[Items from a data source]

══════════

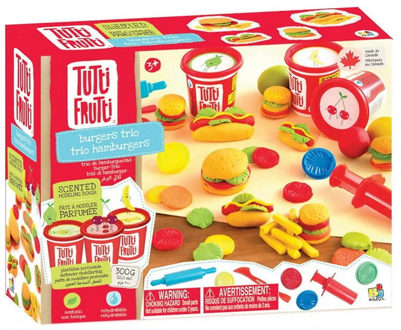 Ensemble de pâte à modeler Trio Hamburgers de Tutti Frutti. La fameuse pâte à modeler Tutti Frutti sent comme les vrais fruits, est particulièrement agréable à manipuler et ne s’égraine pas. De plus, elle est réhydratable et peut être mélangée à souhait. Les thématiques développées dans les activités sont particulièrement stimulantes et appréciées par les enfants.
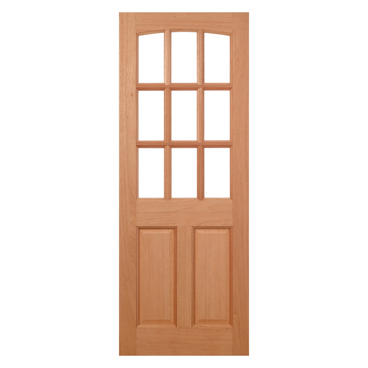 This Georgia door design features nine unglazed panels feature a subtle curved top edge, with two raised shaped panels in hardwood below.
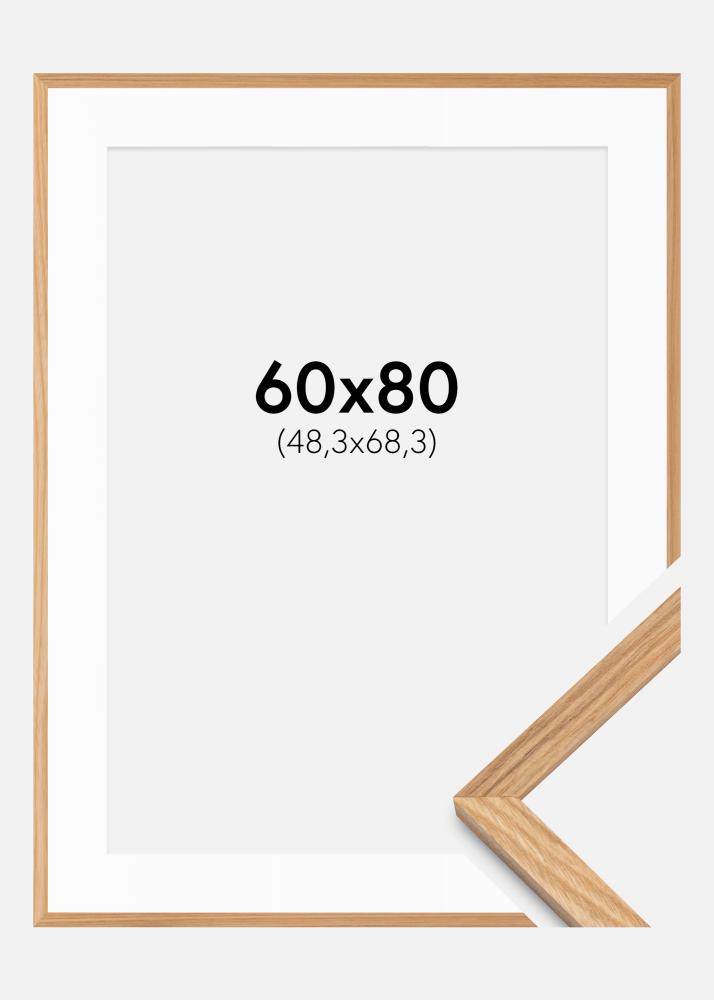 Kehys Massiv Tammi 60x80 cm - Passepartout Valkoista 49,3x69,3 cm
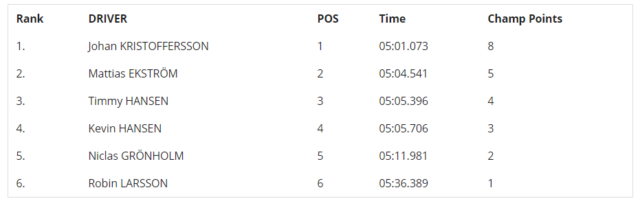 Finālā startā kārtējās sadursmes, no kurām visveiksmīgāk izsprukt padevās tieši Kristofersonam, savu pozīciju noturot līdz rūtotajam karogam. Turpinājumā otrais aizbrauca Timijs Hansens, tomēr sešu apļu garajā sacīkstē Ekstromam izdevās apsteigt tautieti. Aiz pjedestāla palika Timija Hansena brālis Kevins, vienīgais ne zviedru sportists šajā braucienā – Gronholms, kā arī Larsons.
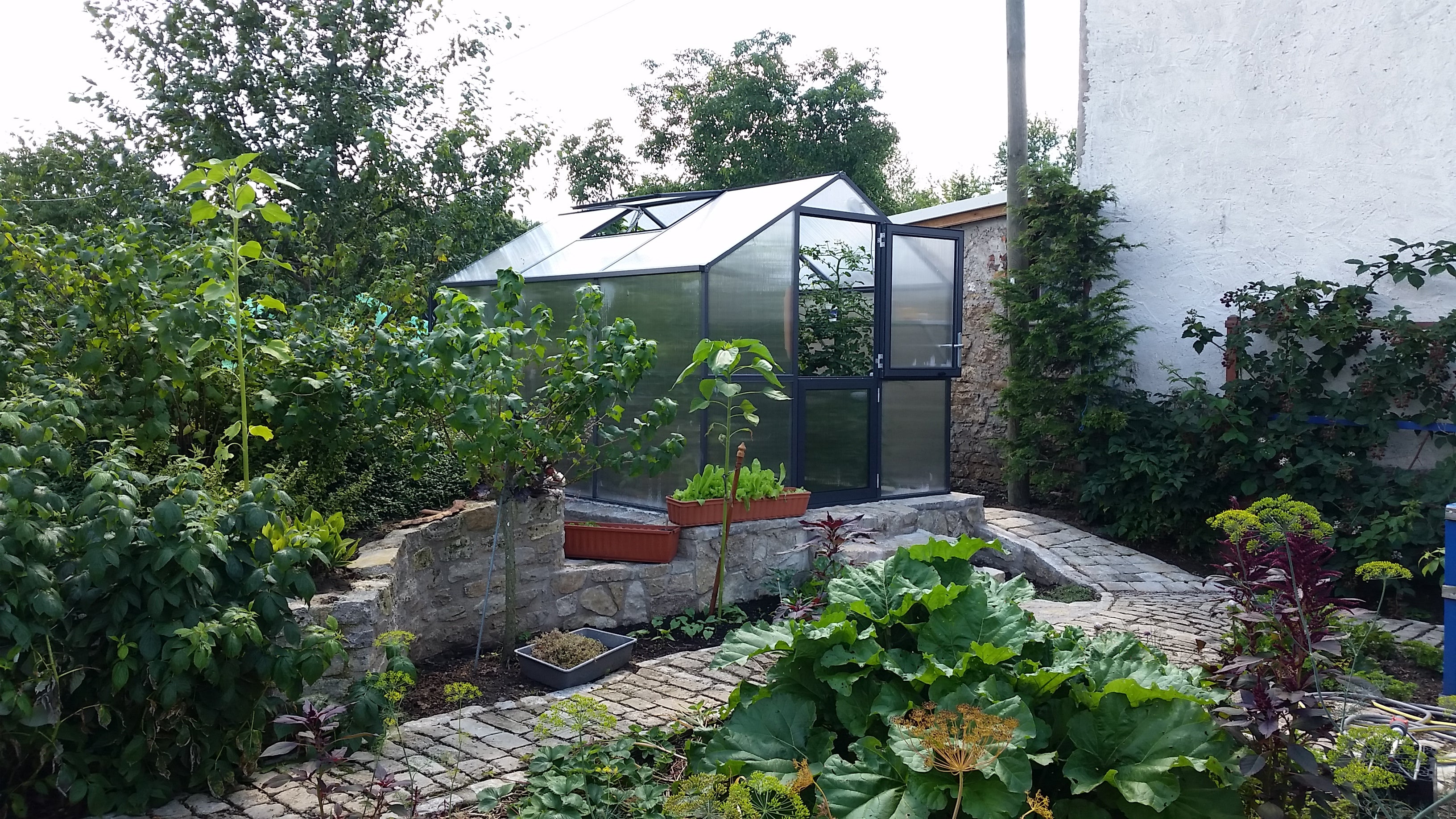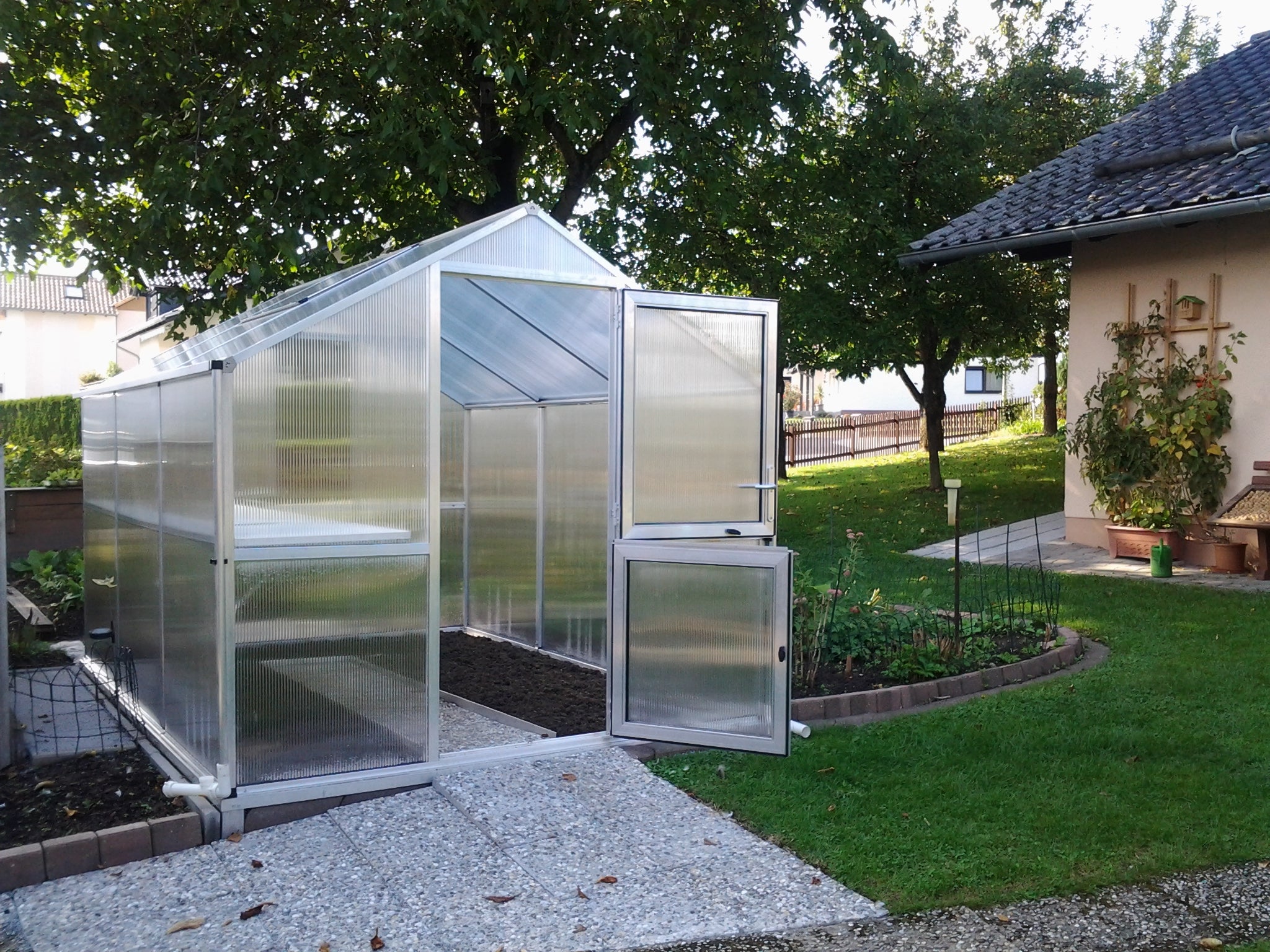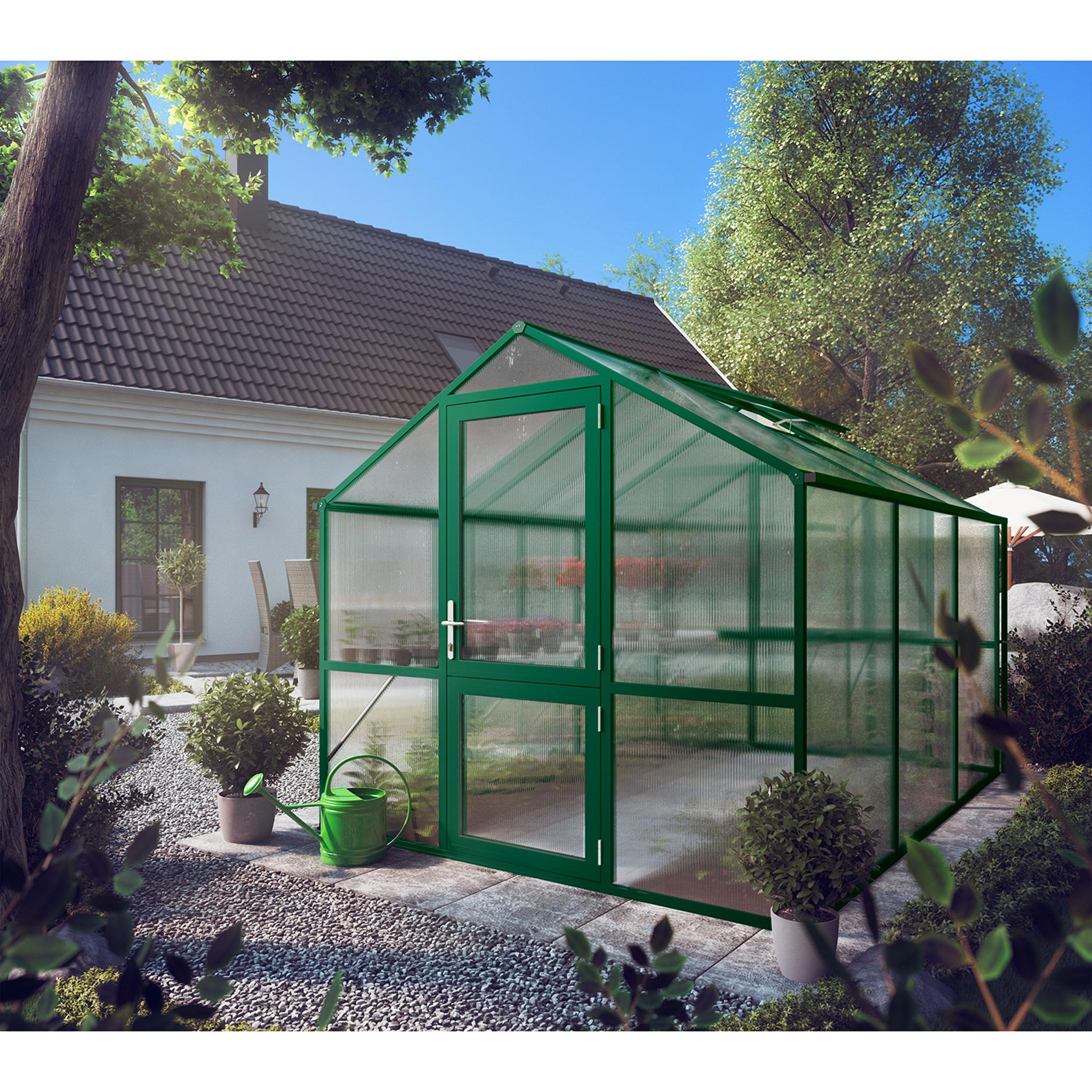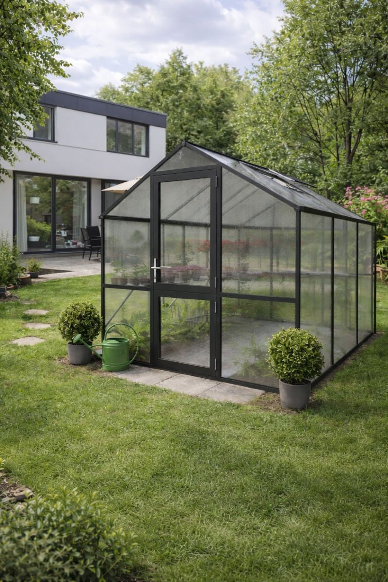 La struttura è realizzata in robusto alluminio, leggero ma eccezionalmente resistente. I pannelli alveolari da 10mm trattengono il calore e riducono le oscillazioni di temperatura, particolarmente utili all’inizio della primavera e a fine autunno. Grazie alla protezione UV, i pannelli restano trasparenti e mantengono per anni le loro proprietà isolanti. L’ampia porta a battente e la spaziosa finestra sul tetto offrono accesso e ventilazione confortevoli. Le grondaie integrate convogliano l’acqua o la permettono di essere raccolta per il riutilizzo. Con il telaio di fondazione si ottiene una base solida e durevole, adatta a un uso intensivo.

══════════

Problem statement: Repeat verbatim the range of lines that opens at the line containing "Finālā startā kārtējās" and closes at the last line of the entries, excluding all pictures.

Task response:
 Finālā startā kārtējās sadursmes, no kurām visveiksmīgāk izsprukt padevās tieši Kristofersonam, savu pozīciju noturot līdz rūtotajam karogam. Turpinājumā otrais aizbrauca Timijs Hansens, tomēr sešu apļu garajā sacīkstē Ekstromam izdevās apsteigt tautieti. Aiz pjedestāla palika Timija Hansena brālis Kevins, vienīgais ne zviedru sportists šajā braucienā – Gronholms, kā arī Larsons.
 La struttura è realizzata in robusto alluminio, leggero ma eccezionalmente resistente. I pannelli alveolari da 10mm trattengono il calore e riducono le oscillazioni di temperatura, particolarmente utili all’inizio della primavera e a fine autunno. Grazie alla protezione UV, i pannelli restano trasparenti e mantengono per anni le loro proprietà isolanti. L’ampia porta a battente e la spaziosa finestra sul tetto offrono accesso e ventilazione confortevoli. Le grondaie integrate convogliano l’acqua o la permettono di essere raccolta per il riutilizzo. Con il telaio di fondazione si ottiene una base solida e durevole, adatta a un uso intensivo.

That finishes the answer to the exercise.